The JSOG cancer registration project has established unique, one and only database in our nation. Here, we would like to propose some modifications as there were several limitations in the data available. The current database does not contain aforementioned information which can reduce unfavorable biases and lead to more reliable results for future evaluation. In addition, the proportion of patients without outcome information should be smaller for more trustworthy assessment. It would be ideal if all this information is involved in the future registration. However, it can be easily understood that if the registration system gets more complicated, then more effort will be required for all participants.
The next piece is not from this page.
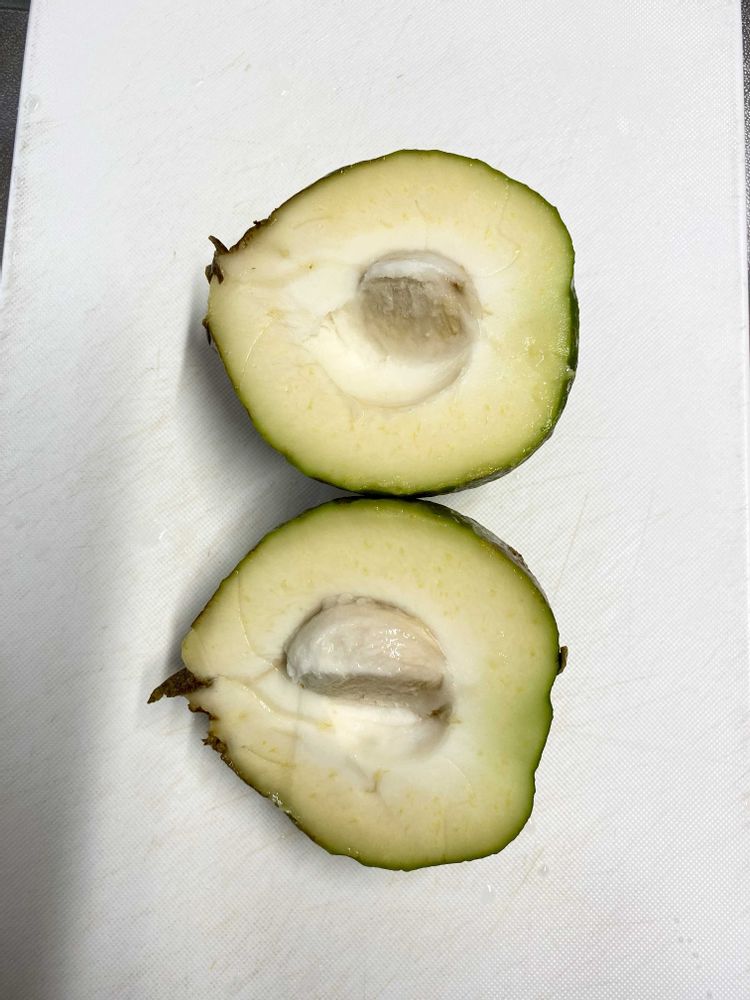 クリーミーで、バナナ、洋梨、マンゴーを混ぜたような味と言われていますが何回食べてもそのとおりと思います。この実は皮に近い所に少し苦みが有る品種みたい。

It is desirable to modify the registration system and obtain a more sophisticated database with detailed information in collaboration with JSOG, JSGO, and every participant for a more reliable guideline evaluation and better cancer management.

In conclusion, although this is a retrospective study with limited information, we demonstrated the possible influence of guideline introduction on clinical trends and patient survival through nationwide assessment. Continuous evaluation with improved database is desirable to comprehend the effect of guidelines more precisely, and to contribute to better patient outcome.